Project MKULTRA, or MK-ULTRA, is perhaps the most famous of the CIA mind-control programs. Experiments were conducted on CIA employees, military personnel, doctors, other government agents, prostitutes, prisoners, mentally ill patients, and members of the general public in order to study their reactions. Drugs were administered alone and in combination with other drugs and at varying doses and frequencies. The drugs included LSD, heroin, morphine, temazepam (used under code name MKSEARCH), mescaline, psilocybin, scopolamine, marijuana, alcohol, and sodium pentothal. In one case, LSD was given to subjects for 77 days straight. The project was later expanded to Canada, focusing on Nazi research and techniques for erasing memories and personalities.[9] One of the most controversial issues surrounding Project MK-ULTRA involved the mysterious death of Dr. Frank Olson, a scientist at Fort Detrick, Maryland, where many of these studies were conducted. According to the government's version of events, as part of the MK-ULTRA experiments, Olson was dosed with LSD without his knowledge, and he suffered severe paranoia and a nervous breakdown.
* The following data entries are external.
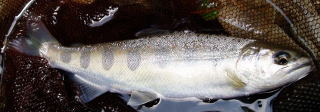 私は何時も生かし魚篭を背負っている、これが意外と便利な物である。 行きは氷と缶ビルを入れ何時でも冷えたビールが飲めるし、帰りは水と氷を入れ生かし魚篭としてキープした、いわな、あまごを泳がせて持ち帰るのである。 しかし今日は最初より全てリリースと決めてきたので単なる冷蔵庫である。 私でもあまごか少なくなったことを少しは危惧しているのである。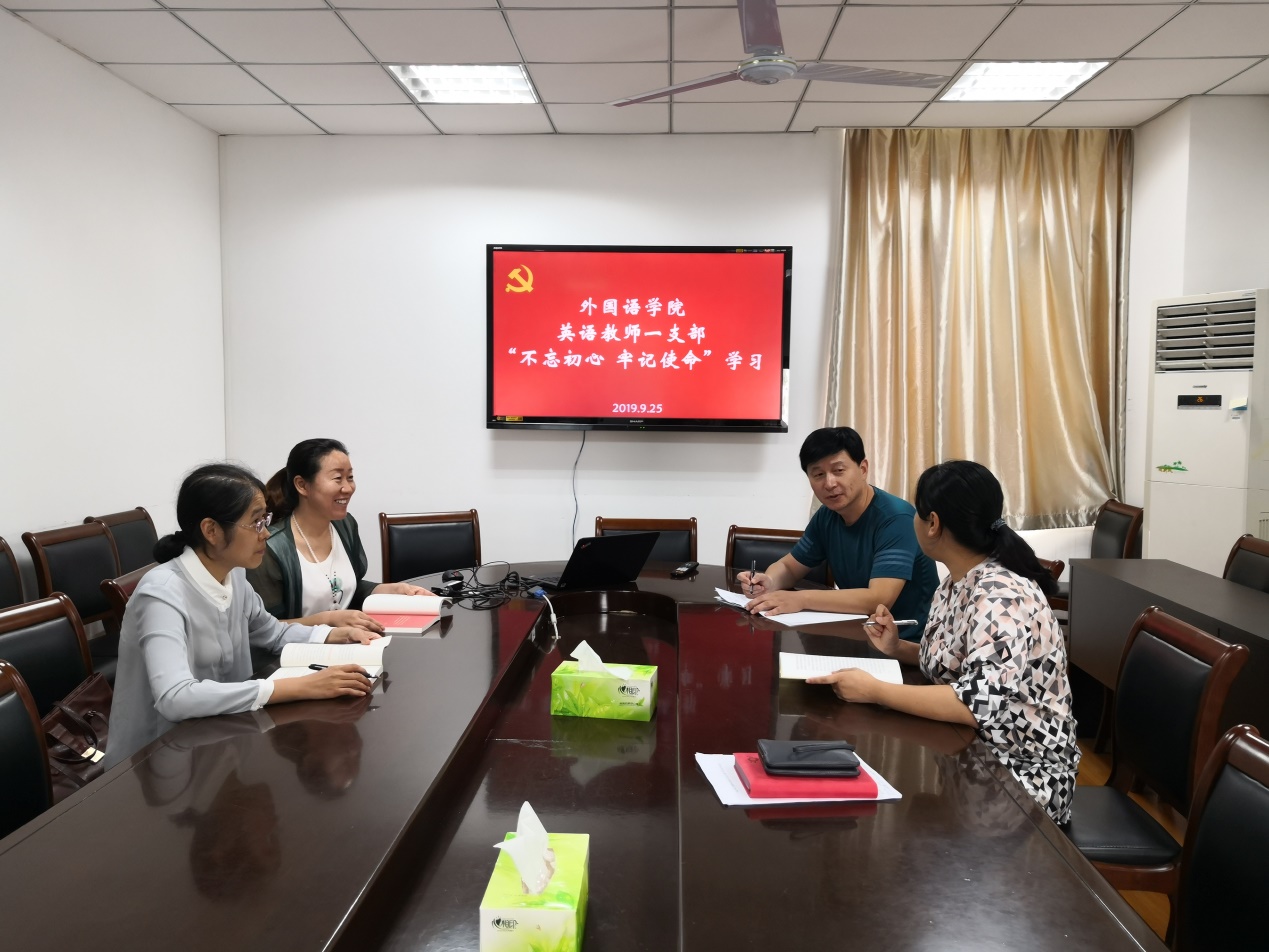 英语系教师支部召开“不忘初心、牢记使命”主题教育动员会。会上,张友琴同志向支部成员传达了本支部在10月至11月主题教育的详细学习计划。
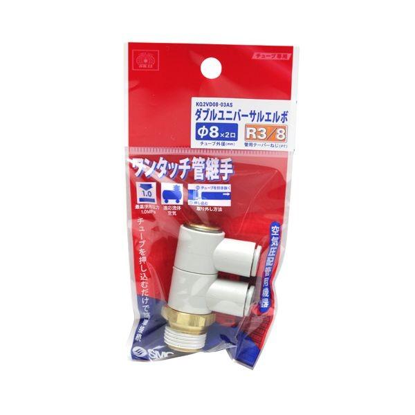 【用途】エア配管用チューブ管継ぎ手。【機能・特徴】めねじ部からの直角方向の分岐配管に使用します。分岐側取付部は独立しており方向はフリーです。【仕様】●適用チューブ材質:ポリウレタン・ナイロン。●適用チューブ外径:8mm(×2口)。●接続ねじ:おねじR(PT)3/8。●使用圧力範囲:-0.1~1MPa。●周囲温度:-5~60度。●本体材質:PP・C3604・SUS304・NBR・他。電動工具 エアーツール チューブ継ぎ手

The CIA sent him to New York to see one of their psychiatrists, who recommended that Olson be placed into a mental institution for recovery. On his last night in New York, Olson allegedly threw himself out his hotel room window, plunging to his death. The circumstances leading up to Olson's fall remain unclear. A grand jury inquiry of Olson's death was approved on April 27, 1996 and on the same day former CIA chief William Colby disappeared and his remains were found in a lake.[10]

1951

Forerunner of Domestic Contact Service/OSINT

This function, run by the Domestic Contact Service(also called the Domestic Contact Division) of the CIA, was legal, as it did not violate the CIA prohibitions of police power or spying on Americans. It was a voluntary debriefing of Americans with useful information. It is now considered part of Open Source Intelligence OSINT.[11]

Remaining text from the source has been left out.